Two of the sources said the delayed shipments to Samsung’s Taylor factory involve ASML’s advanced chipmaking equipment called extreme ultraviolet (EUV) lithography.
One of them said the deliveries were scheduled earlier this year, but the machines have not been shipped yet. The third source said Samsung has pushed back delivery of some ASML equipment to the factory without elaborating on the equipment or the revised delivery schedule.
EUV machines, which cost around $200 million each, create design features on silicon wafers by using beams of light and are widely used to manufacture advanced chips found in smartphones, electronic devices, and AI servers.
It was not clear how many EUV machines Samsung had ordered or what payment terms it had entered into.
Stranded Asset
Samsung said in April production at the Taylor plant would begin in 2026 instead of 2024. Samsung’s Lee said earlier this month that the company was facing challenges at the factory.
Sources and analysts said there was a risk of further delays.
“Without new volume clients, even the 2026 timetable looks challenging… We see a possibility of a further delay and an asset write-off,” Macquarie analysts said in a September report, adding the fab could be “a stranded asset”.
Lee Min-hee, an analyst at BNK Investment & Securities, said that if Samsung does not place orders for other equipment by early next year, it could signal further delays, given the lead time required to start production.
The South Korean firm aims to complete construction of the building by early next year, a person familiar with the matter said.
Samsung said in a statement to Reuters that there is no change to its plan to start production of its Taylor Fab in 2026, and the return of its personnel is part of a routine rotational shift.
Expanding the gap with TSMC
Despite years of efforts to take on TSMC, Samsung’s market share in contract manufacturing, done in factories known as fabs or foundries in the semiconductor industry, dropped 8 percentage points in the last five years to 11% as of the first quarter of 2024, while TSMC’s market share rose to 61.7% over the same period, according to data from research firm Statista.
Samsung’s market share erosion underscores the technological challenges the firm faces in mastering advanced chip manufacturing to lure the likes of Apple and Nvidia away from TSMC, analysts said.
ASML finance chief Roger Dassen said on Tuesday that there are “very specific competitive issues in the foundry business,” and some customers are slowly ramping up production of advanced chips and delaying fabs.
Analysts say Intel, which is suffering one of its worst periods and cut its capital spending plan for 2025, is also partly the reason for ASML’s weaker outlook.
By contrast, TSMC expected on Thursday its first fab in Arizona to see volume production in 2025 and said the factory has received strong commitment from U.S. customers.
Samsung’s struggles in its foundry business have also impacted its factories in South Korea, where it is grappling with low production yields of its most advanced 3-nanometer chips, people familiar with the matter said.
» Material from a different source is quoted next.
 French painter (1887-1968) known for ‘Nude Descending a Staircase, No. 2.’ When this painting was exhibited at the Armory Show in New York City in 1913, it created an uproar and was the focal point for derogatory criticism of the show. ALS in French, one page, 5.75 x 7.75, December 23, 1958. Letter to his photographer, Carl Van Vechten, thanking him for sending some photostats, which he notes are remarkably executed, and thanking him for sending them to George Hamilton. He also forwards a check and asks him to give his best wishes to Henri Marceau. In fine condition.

Samsung is also delaying investments into new foundry chip lines in the city of Pyeongtaek, south of Seoul, two of the people said.
Reflecting Samsung’s slowing capacity expansion, ASML reported that sales to South Korea – home to Samsung and its smaller rival SK Hynix – shrunk by one-third in the third quarter to 889 million euros ($965 million) from the previous quarter, according to its presentation materials.
Samsung is also losing ground in its core memory chip market, with SK Hynix outshining it to become the most dominant supplier of pricey high-bandwidth memory (HBM) chips used to build Nvidia’s AI chipsets.
“I think today without AI, the market would be very sad if you ask me,” ASML CEO Christophe Fouquet said in a conference call this week, adding a slower-than-expected recovery for mobile devices and PCs will extend into next year.